The Silesian motorcycle section was founded in 1947, but the beginnings of speedway in Świętochłowice are considered to be 1951, when the first speedway track in the city was constructed around the football pitch in the 'Hasiok' (a stadium that had been constructed on a waste dump, from 1934 to 1935 for KS Śląsk). The first speedway took place at the Hasiok on 22 July 22, 1951 and the Hasiok was located adjacent to the Florian Steelworks.
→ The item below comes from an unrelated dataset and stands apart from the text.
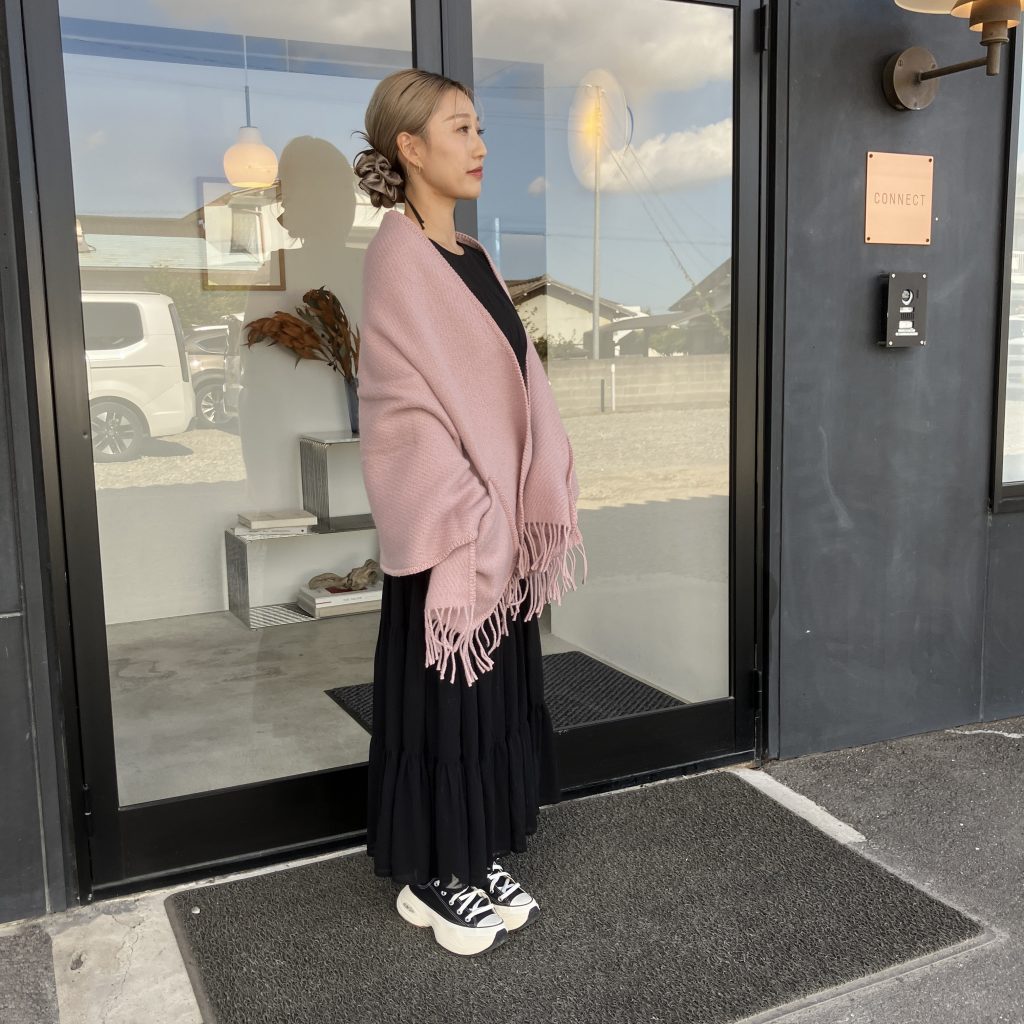 秋冬は暗い色味のお洋服が多くなりがちですが、綺麗なカラーのUNIショールを合わせることで、顔周りがぱっと明るくなります。
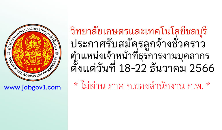 วิทยาลัยเกษตรและเทคโนโลยีชลบุรี รับสมัครลูกจ้างชั่วคราว ตำแหน่งเจ้าหน้าที่ธุรการงานบุคลากร ตั้งแต่วันที่ 18-22 ธันวาคม 2566

The Budowlani Rybnik rider Robert Nawrocki was credited with creating the speedway track as a social act on the National Day of the Rebirth of Poland.

During the 1953 Polish speedway season the team from Stal Ostrów Wlkp moved to Świętochłowice to compete in the Team Speedway Polish Championship.

After relegation in 1955, the club bounced back by winning the in Second division south in 1956.

In the late 1960s the club began to compete at the top level, they won the 1968 second division and then achieved their greatest feat to date, when winning the silver medal in the team championship during the 1969. The success was repeated when winning another silver medal in 1970.

One of their riders Paweł Waloszek won the Golden Helmet in 1968 and finished second in the 1970 Individual Speedway World Championship, behind the legendary Ivan Mauger. Another rider Jan Mucha, won the 1970 Golden Helmet. The Hasiok hosted one of the Polish qualifying rounds for the 1970 Individual Speedway World Championship.

Two more major medals were won in 1972 (bronze) and 1973 (silver).

Due to the expansion of the Florian Steelworks in 1973 the Hasiok was demolished and the club lost its facilities. They would later ride at the Skałka Stadium, which opened in 1979.

In 1984, the team won the second division but following the 1985 season it was relegated from the top division, and following the 1996 season the team withdrew due to financial difficulties. In 1998–2002 the team was revamped and competed in the second and third tiers, eventually withdrawing once again. In 2015, a former rider of the team, Krzysztof Bas, became the head coach.

As of 2023, the club does not participate in professional league competitions and only focuses on youth training.